First Turning of the Dharma Wheel
The Noble Truths concerning suffering (duḥkha) and the Five Aggregations (skandha)
Vijñāna (Pali viññāṇa, ’Consciousness’) - विज्ञान vi + jñāna = Divided Knowledge.
- Understood as an emergent phenomena dependent upon contact between sense-organ and sense-object. No contact, no consciousness.
- There are six ‘kinds’ of consciousness, dependent upon the aforementioned contact (sparśa), so ‘eye consciousness’, ‘ear consciousness’, etc. up to a sixth consciousness, called manovijñāna.
- As the fifth skandha, the particular state of the six vijñāna is dependent upon the organ or organs’ form (rūpa), sensory reactions (vedanā), perception (saṁjñā) and conditioned behaviors (saṃskāra).
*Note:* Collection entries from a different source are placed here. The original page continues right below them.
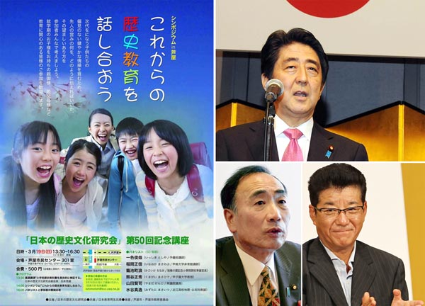 19日に行われるシンポジウムのチラシ(右は、安倍首相、松井大阪府知事、籠池理事長=共同)/(C)日刊ゲンダイ
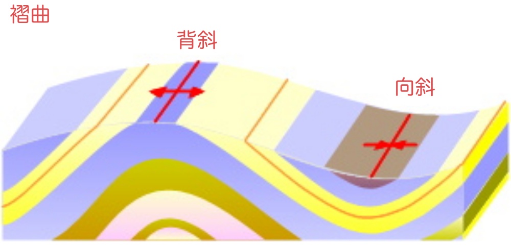 地層がプレートの動きで押されると、でこぼこに曲がります。
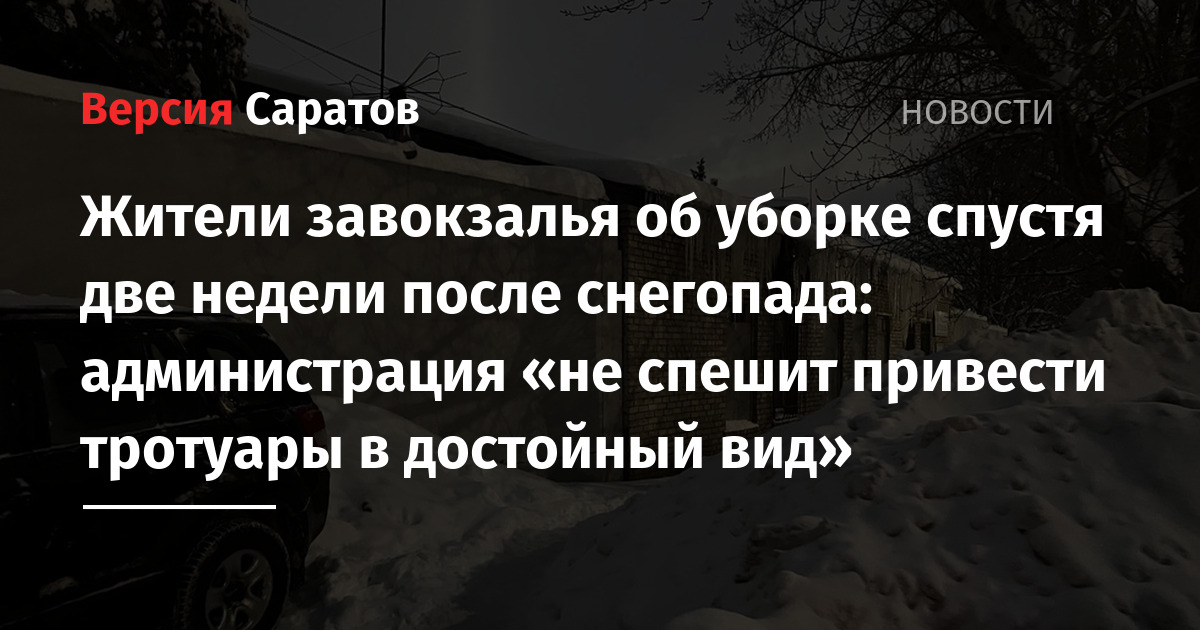 По их мнению, хотя с последнего мощного снегопада прошло уже две недели, администрация Фрунзенского района (глава — Сергей Пименов) «не спешит привести тротуары в достойный вид». Горожане рассказали, что в Telegram-чате районной администрации большая масса жалоб поступает от жителей завокзалья.
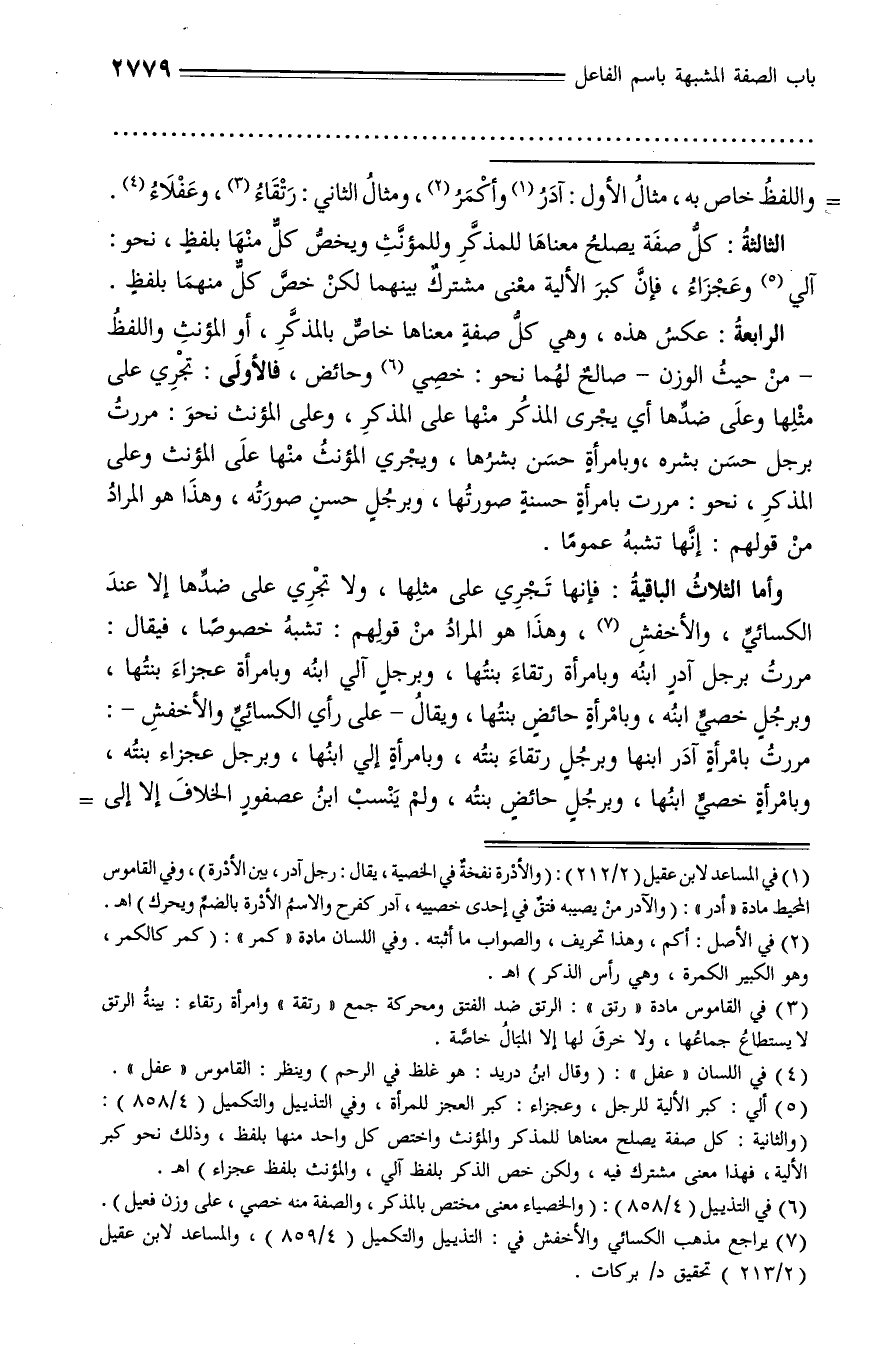 واللفظ خاص به، مثال الأول: آدر (¬1) وأكمر (¬2)، ومثال الثاني: رتقاء (¬3)، وعفلاء (¬4).
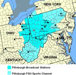 As of August 2013, AT&T SportsNet Pittsburgh is available on cable providers throughout nearly all of Pennsylvania (outside the Philadelphia market), almost all of West Virginia, western Maryland, eastern Ohio, southwestern border areas of New York and Ashland, Kentucky, reaching more than 2.4 million homes; it is also available in the Columbus, Ohio market through DirecTV Stream, though Penguins broadcasts are blacked out due to the presence of the Columbus Blue Jackets.[1] It is also available nationwide on satellite via DirecTV.
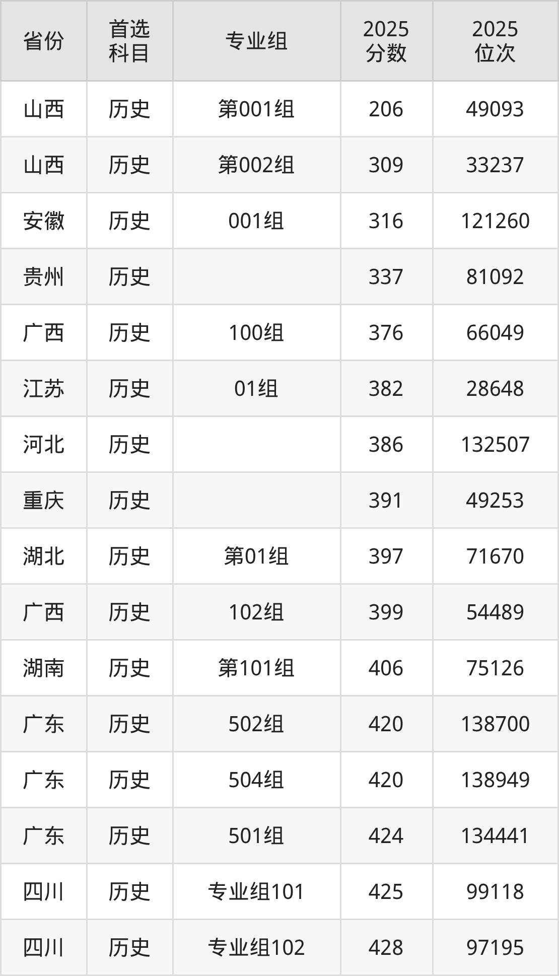 历史类最低分对应地区为山西(第001组),录取位次为49093,超专科线106分;最高分对应地区为广东(523组(协同培养)),录取位次为58196,超专科线285分。
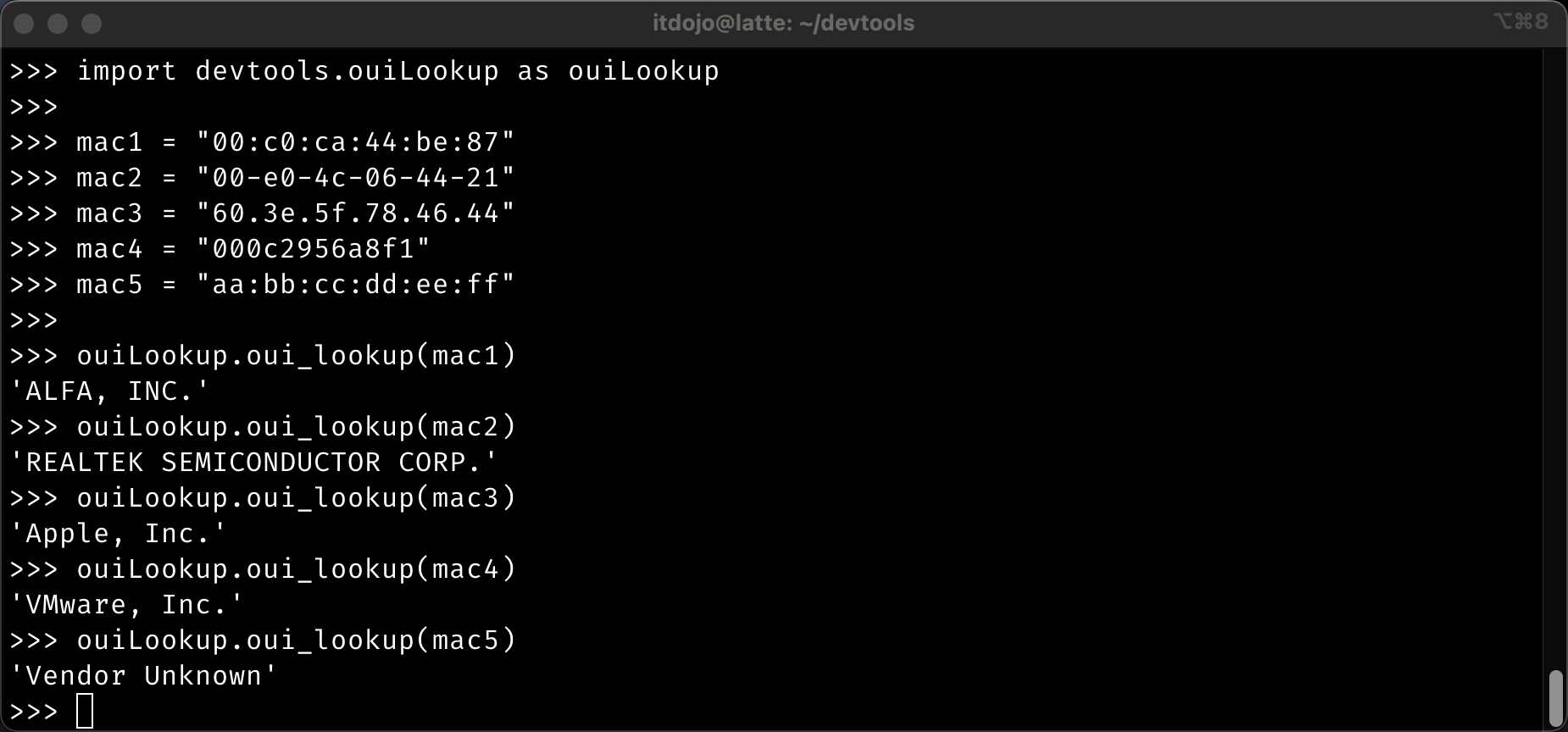 drawLine- Draws a line separator across the screen matching the width of your terminal. There are several line separator styles.getOS- Returns the OS the script is running on (Windows, MacOS, Linux). I use it to determine if my script can continue (Example: if my script will only run on Linux). getOS only returns the OS, it's up to you to do decide what to do with that info in your script.macFormatter- Returns a MAC address in the format you desire, regardless of the input format. If you give it aa-bb-cc-dd-ee-ff it can return aa:bb:cc:dd:ee:ff or aabbccddeeff or aa.bb.cc.dd.ee.ff, etc. It can also toggle case if that matters. This is very helpful for cleaning up MAC addresses to be in the right format for your scripts.ouiLookup- Given a MAC address it will use the IEEE oui.txt file to look up the name of the vendor. If oui.txt is not available in the local directory, the module will download it from the Internet. This may cause a delay the first time it is used. Subsequent lookups are fast. If desired, you can pre-download the oui.txt file from the IEEE usingwget http://standards-oui.ieee.org/oui/oui.txt.rootCheck- Checks to see if the script is running as root. If not root, it will exit the script you are running (so don't use this if you script does not need to be root).shellCommand- Provide a command as a string (Ex. "ip link set {iface} down") to this module and it execute the command and return the result (STDOUT and STDERR).wifiSelector- This tool only works on Linux and retrieves all wlan interfaces on the system. It also has a function to create a list of the available interfaces to the user. Optionally, it will also show the interface MAC address and OUI vendor name.networkCommands- A list of funtions that return shell scripting command strings. The idea is to simplify the syntax and readability of your scripts and eliminte the need to constantly add string variables to your scripts for commands you need to run.
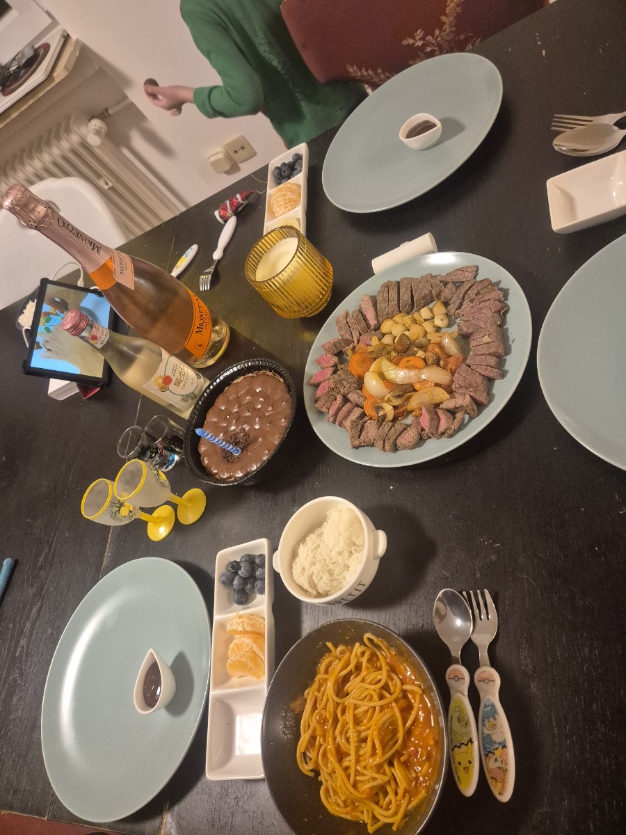 나름 스테이크랑 스파케티랑 샴페인, 뭐 갖다놓을 수 있는건 다 갖다놔봤다. ㅋㅋㅋ
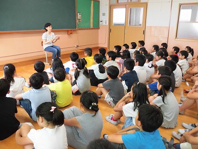 今日は4年生で特別,読み聞かせをしてくださいました。
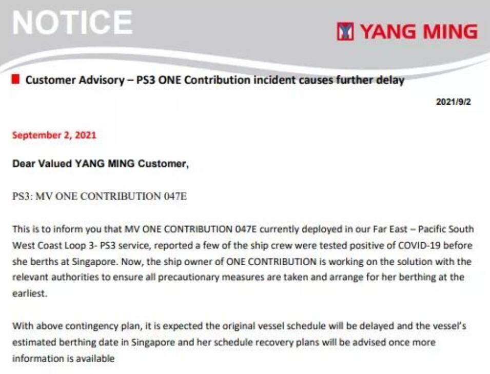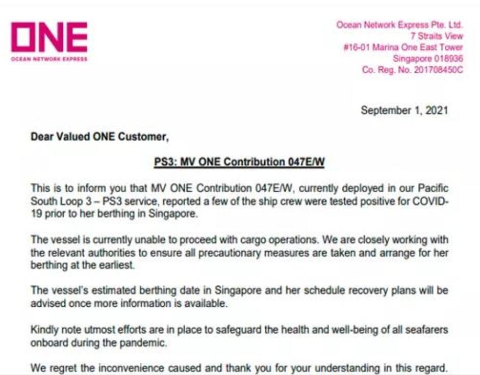 日前,船公司Ocean Network Express(ONE)旗下運營的運力為8560TEU的“ONE Contribution 047E/W”集裝箱船 爆發(fā)新冠疫情,一些船員在即將靠泊新加坡港之前檢測呈陽性,船期將嚴重延誤。
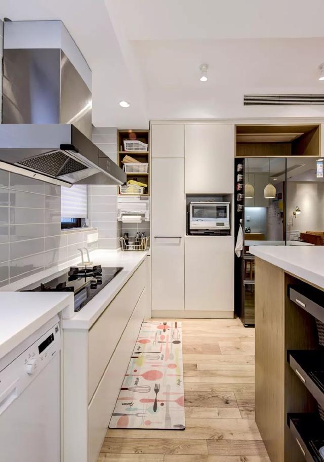 整个厨房的大部分空间都是用来收纳的,各种电器都嵌在橱柜里。再加上中岛露台的收纳设计,整个厨房的收纳面积非常充足。
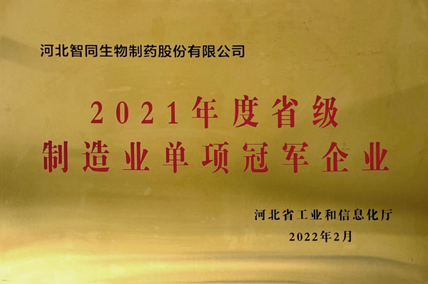 获得河北省工业和信息化厅“2021年度省级制造业单项冠军企业”称号

Second Turning of the Dharma Wheel
Dependent Origination (pratītyasamutpāda) and
(therefore) Emptiness of self-nature (śūnyatā nisvabhava)
Vijñāna is the third link in the 12-link chain of causation, dependent solely upon condition(ing)s (saṃskāra) and ignorance (avidyā).
- Consciousness, like all phenomena, ultimately lacks inherent nature (svabhava) and is ‘empty’.
- There is no one thing to be conscious.
- This introduces, what is called, the doctrine of ‘Two Truths’ - the conventional truth about the skandhas and suffering, and the ultimate truth about emptiness and the lack of self-nature.
Third Turning of the Dharma Wheel
The Ultimate Meaning of True Suchness (paramārtha-bhūtatathatā)
Vijñāna is ‘revealed’ to be eight-fold. In addition to the six consciousnesses of the First Turning:
- A ‘seventh consciousness’ that refers to the ‘selfing’, appropriating aspect of consciousness. The exact name for this vijñāna varies depending on the source. It is considered the sixth consciousness in its defiled state (kliṣṭamanovijñāna), and is sometimes called manas-vijñāna (’thinking consciousness’) or ādāna-vijñāna (’appropriating consciousness).
- An ‘eighth consciousness, called the ālaya-vijñāna - the ‘storehouse consciousness’ - which ‘stores’ all the ‘karmic seeds’ of saṃskāric impressions.
- All forms of vijñāna, discriminative awareness (’divided knowledge’), are ‘purified’ by the wisdom that understands the ‘Three-Fold Nature’ of all phenomena: being totally illusory, other-dependent, and completely perfect.